With half of his Strange Sensation quintet slapping hand drums, the former Led Zeppelin frontman began a 100-minute set with an earthy “No Quarter” that could have passed for a tribal chant emanating from the Saharan outback.

The spiritual overhaul of the rippling jazz-rock fusion song marks the latest in an ongoing series of transitions for Plant, who, after spending the ’80s crafting diversified music and the bulk of the ’90s reliving past glories, recently delved back into the mystical by melding exotic world sounds with their Western descendants. Saturday night at Auditorium Theatre, he played the role of a mighty rearranger and blended electronic ambience, Moroccan rhythms, Malian grooves, Indian ragas and English folk with biting hard rock and weeping blues.

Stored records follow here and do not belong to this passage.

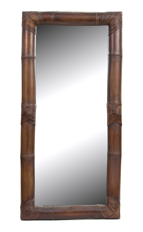 A Full Length Rattan Wrapped Bamboo Framed Mirror
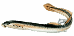 | Neunaugen | Rückenflosse, Schwanzflosse und Afterflosse bilden einen geschlossenen Flossensaum | ![]() |
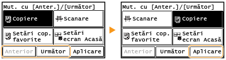 Atingeţi <Anterior> sau <Următor> pentru a muta butonul şi atingeţi <Aplicare>.
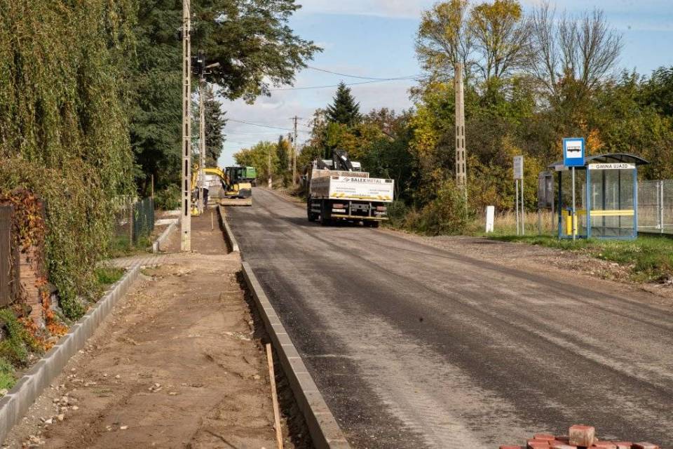 Dobre wiadomości przyszły w lutym tego roku - samorząd otrzymał z Urzędu Marszałkowskiego Województwa Łódzkiego 12 mln zł unijnego dofinansowania. Dla Ujazdu była to rekordowa dotacja dla jednej inwestycji. W wyniku przetargu cena realizacji robót okazała się znacznie niższa i ostatecznie wyniosła 7,2 mln zł, a wkład UE - 6,1 mln zł. Rekordowe jest też tempo robót - zgodnie z umową drogowcy mają czas do sierpnia przyszłego roku, ale wszystko wskazuje, że fizyczne prace zakończą się w lutym 2026 roku.
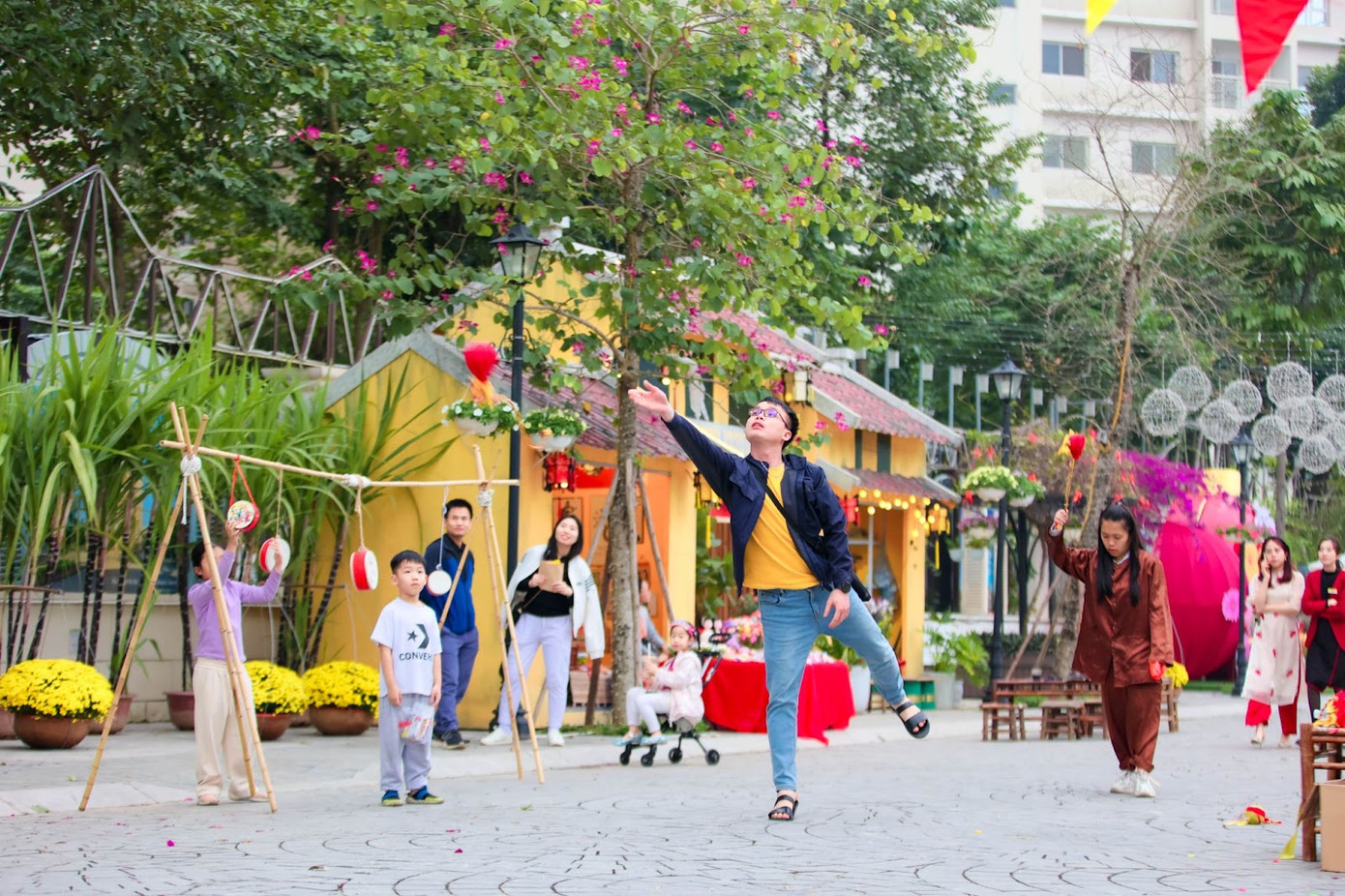 Ngoài ném còn, các cư dân và du khách nhí được trải nghiệm nhiều hoạt động, trò chơi truyền thống như: chơi ô ăn quan, ném ống bơ, đi cà kheo, bịt mắt đập niêu, nhảy dây…
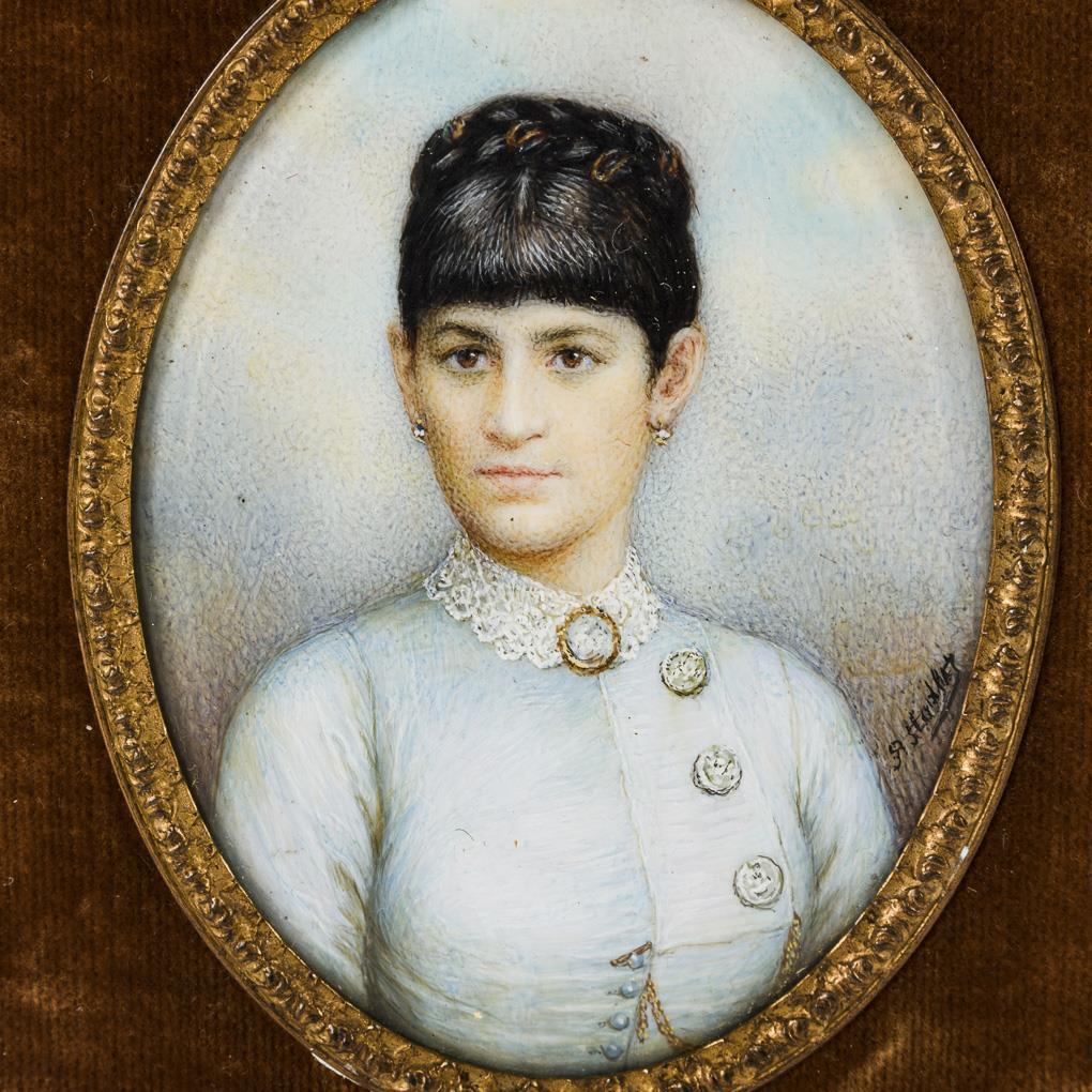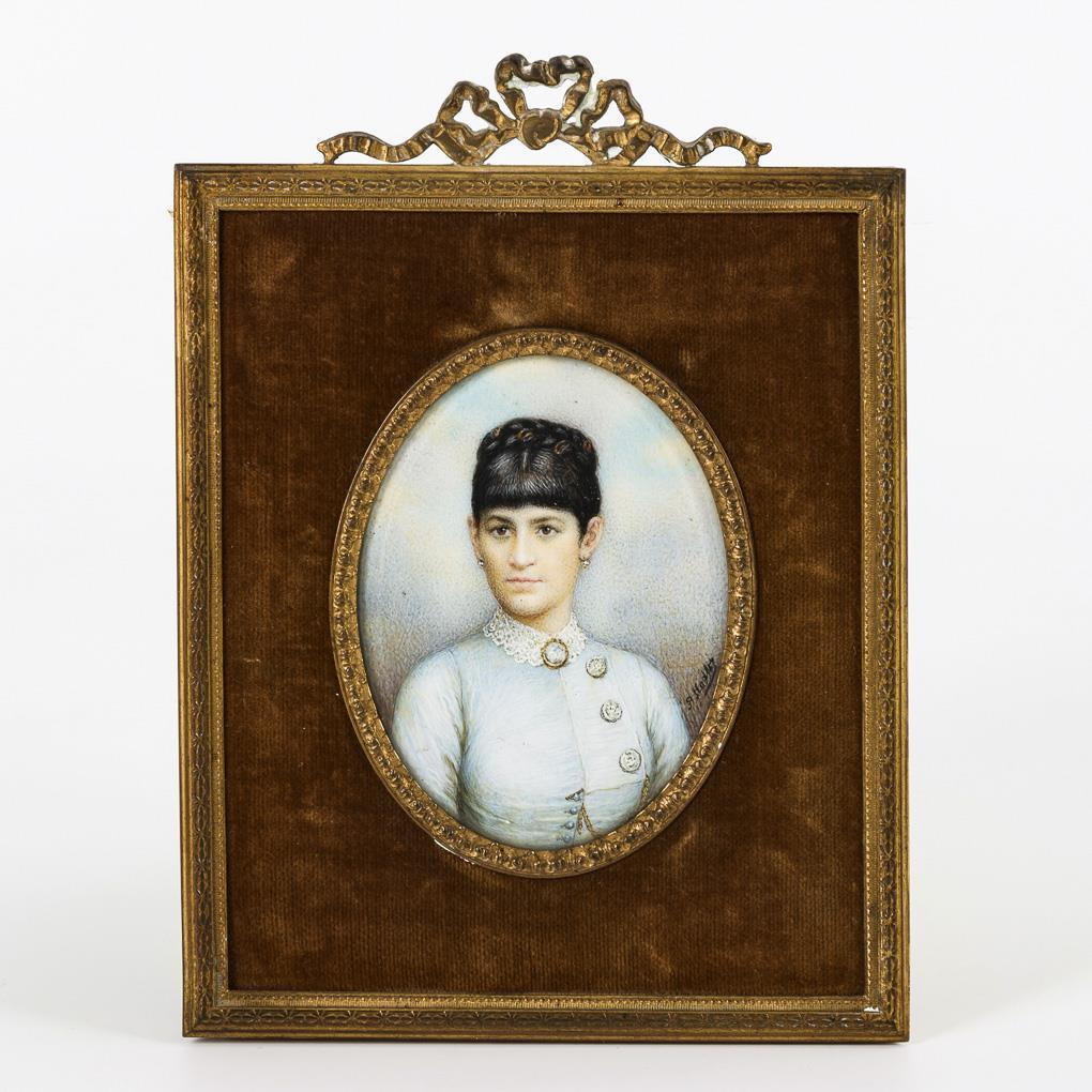 Probably tempera, glazed, in velvet passepartout, with brass border and bow crowning. 8 x 6 cm, frame 15.5 x 11.5 cm.

At 56, Plant is no longer the bare-chested Dionysian sex symbol he was in the ’70s, but still receives the adoration befitting a rock god. The sold-out crowd worshiped his every move, and the trim Tall Cool One didn’t shy away. He thrust his pelvis, twirled microphone cords and knocked stands to the ground. He was careful to lean in the path of ventilation that majestically blew his golden curly hair over his shoulders, and communicated with playful banter.

He could have coasted on charm, but Plant’s greatest asset remains his expressively dynamic voice. Although age now prevents him from reaching upper-register highs, his banshee wails, prolonged moans and honeydripper soul boiled with carnal suggestiveness. He performed “Black Dog” at half the original’s tempo, engaging in a tug-of-war with guitarist Skin Tyson over the direction of the tumbling progression. Accompanied by acoustic guitar, mandolin, maracas and stand-up bass, Plant lay in the high grass for “That’s the Way” and brought “Hey Hey What Can I Do” on home using straw tones and intoxicating melodies that cast the country shuffle as a railroad box-car lament.Even when the experimentation failed, Plant’s modern forays into multiethnic soundscapes were rewarding. The Strange Sensation met the singer’s redemptive moods and restless vibes head-on with scampering boogies, ancient percussion, enchanting textures and pearly psychedelia. Refusing to settle for rote nostalgia, the Chicago-bound “When the Levee Breaks” was refashioned as a stomping desert blues, the band howling in harmony like a pack of wolves at the moon. Excessive mysteriousness occasionally muddled the message. An uneven pace trampled underfoot a cover of Bonnie Dobson’s protesting “Morning Dew,” while bongos and “Heartbreaker” proved a mismatch.

Before closing, Plant acknowledged the hometown greats who inspired him. He noted how he felt privileged to meet up hours earlier with Otis Clay at the Old Town School’s Folk & Roots Festival and framed the encore with a few bars from Muddy Waters, declaring that “those sounds that came out of Chess studios in Chicago brought me here.”